内科

自律神経失調症

対応可能な院:
  • 札幌すすきの院

01. 自律神経失調症とは

自律神経失調症とは、私たちの体の機能を無意識のうちにコントロールしている「自律神経」のバランスが乱れることで、心身にさまざまな不調が現れる状態を指します。自律神経には、活動時に働く「交感神経」と、リラックス時に働く「副交感神経」の2種類があり、これらが交互にうまく機能することで健康が保たれています。

しかし、過度なストレスや不規則な生活習慣によってこのスイッチの切り替えがスムーズにいかなくなると、検査では特定の臓器に異常が見つからないにもかかわらず、全身に多彩な症状が引き起こされます。
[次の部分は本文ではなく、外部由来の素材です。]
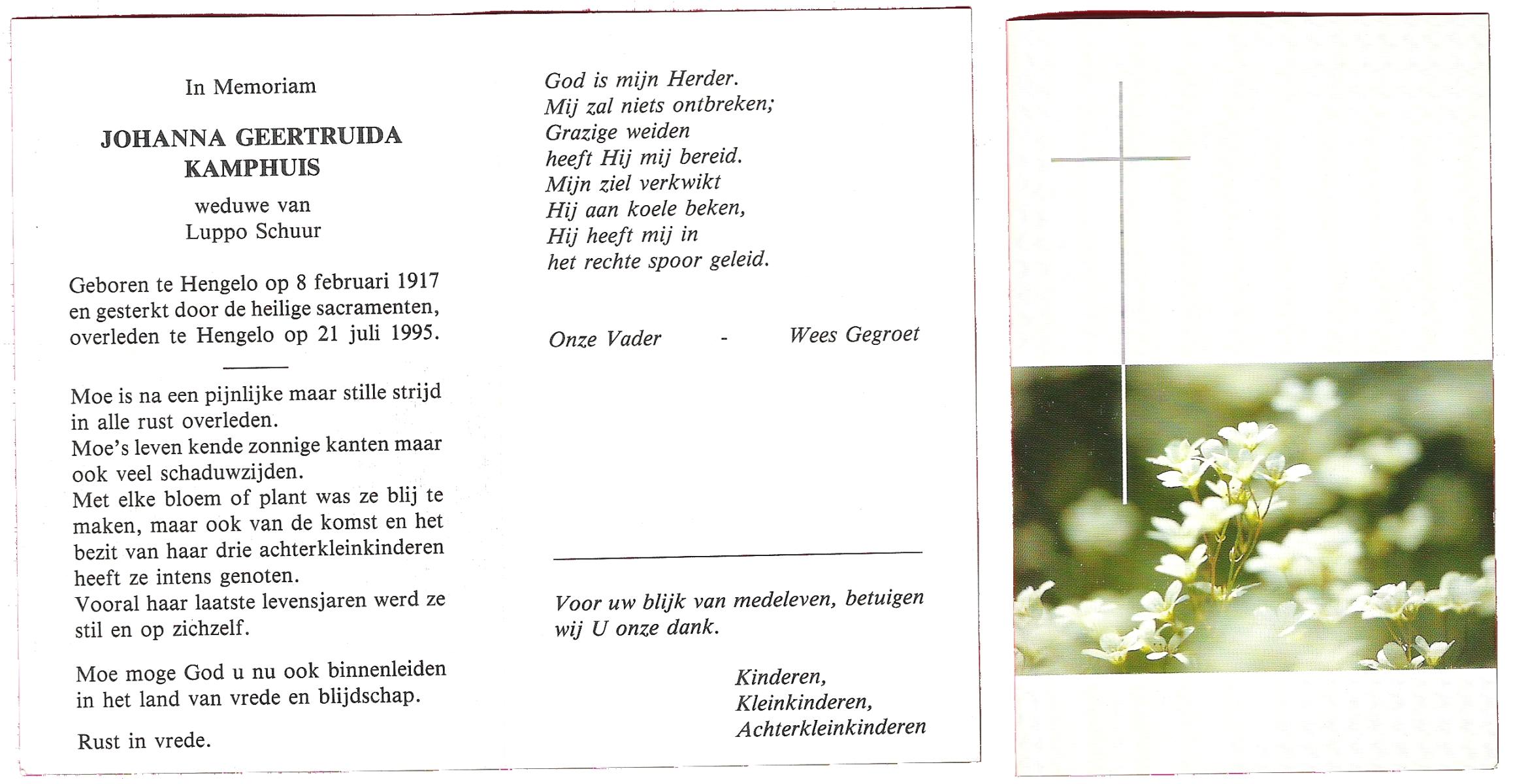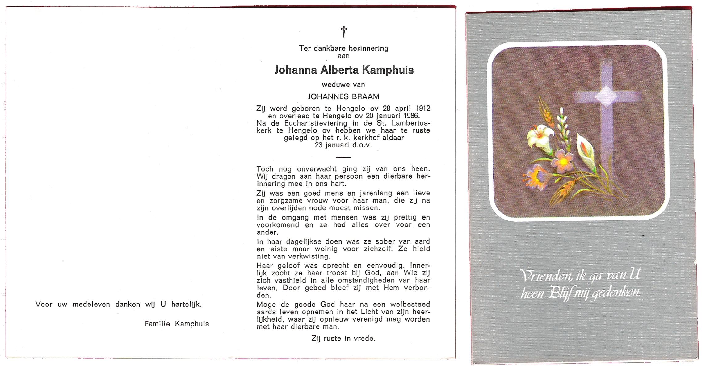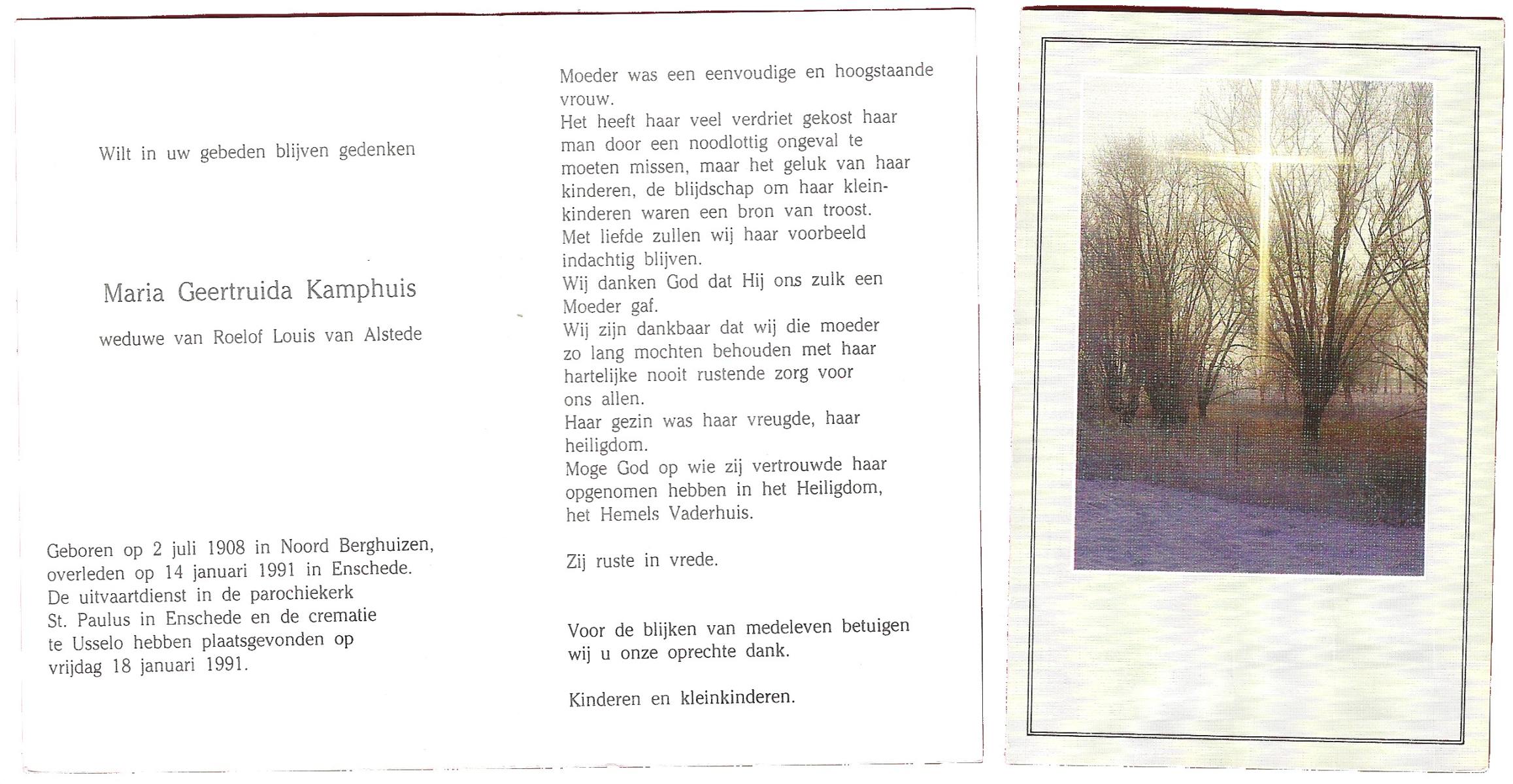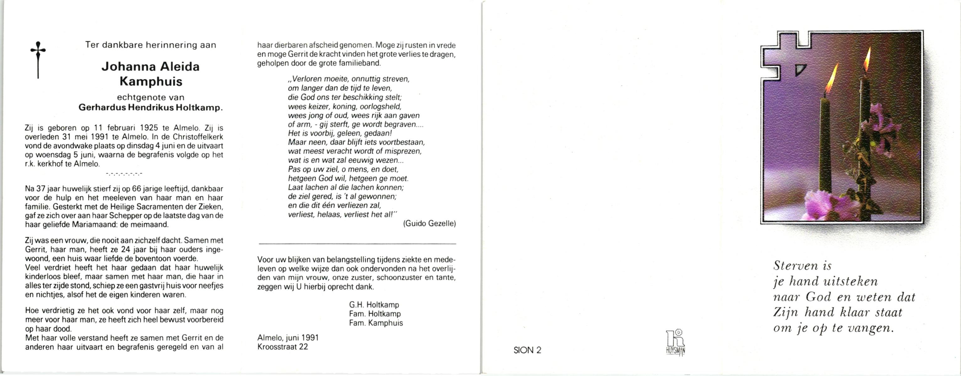 KAMPHUIS, , Johanna Aleida, geboren op 11-2-1925 te Almelo, overleden op 31-5-1991 te Almelo op 66-jarige leeftijd, begraven op 5-6-1991 te Almelo.
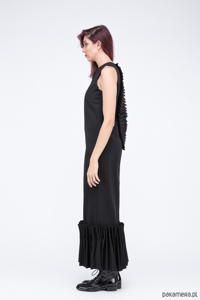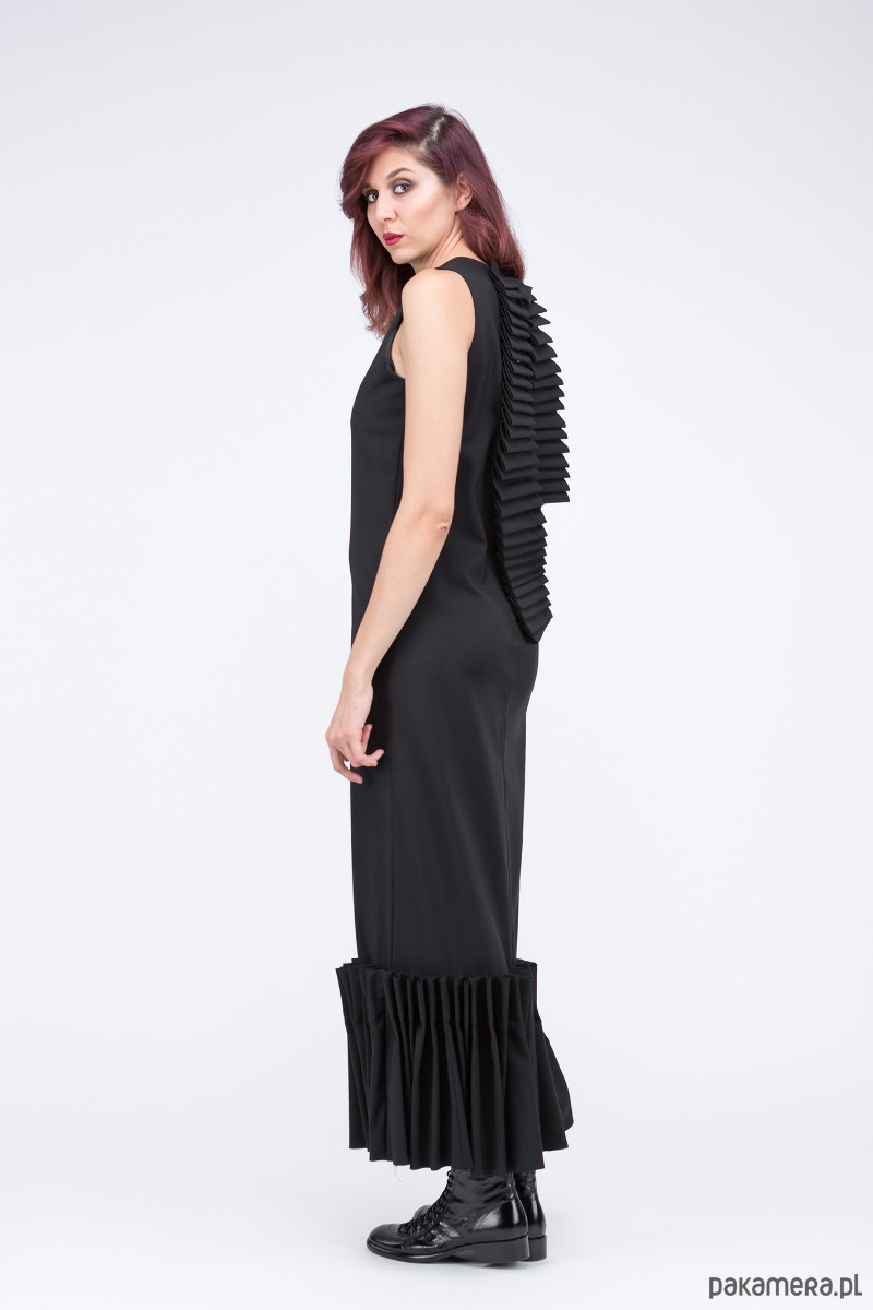 elegancka sukiena z kolekcji "Times up", uszyta z eleganckiej bawełny z nylonem i elastanem, u dołu falbana składana, z tyłu asymetryczny żabot, długość pęknięcia na tylnym szwie do spięcia i/lub ewentualnej modyfikacji,

「なんとなく体調が悪い」という状態が続くため、一人で抱え込まずに正しく理解することが回復への第一歩となります。

02. 主な症状

自律神経は全身の器官をコントロールしているため、現れる症状は非常に多岐にわたり、個人差が大きいのが特徴です。

  • 身体的な症状
    慢性的な疲労感、だるさ、めまい、ふらつき、頭痛、動悸、息切れ、手足の冷えやしびれ、胃もたれ、便秘、下痢、多汗などが挙げられます。
  • 精神的な症状
    イライラしやすくなる、不安感、やる気の低下、集中力の欠如、情緒不安定、あるいは夜なかなか寝付けない、途中で目が覚めるといった睡眠障害が現れることも少なくありません。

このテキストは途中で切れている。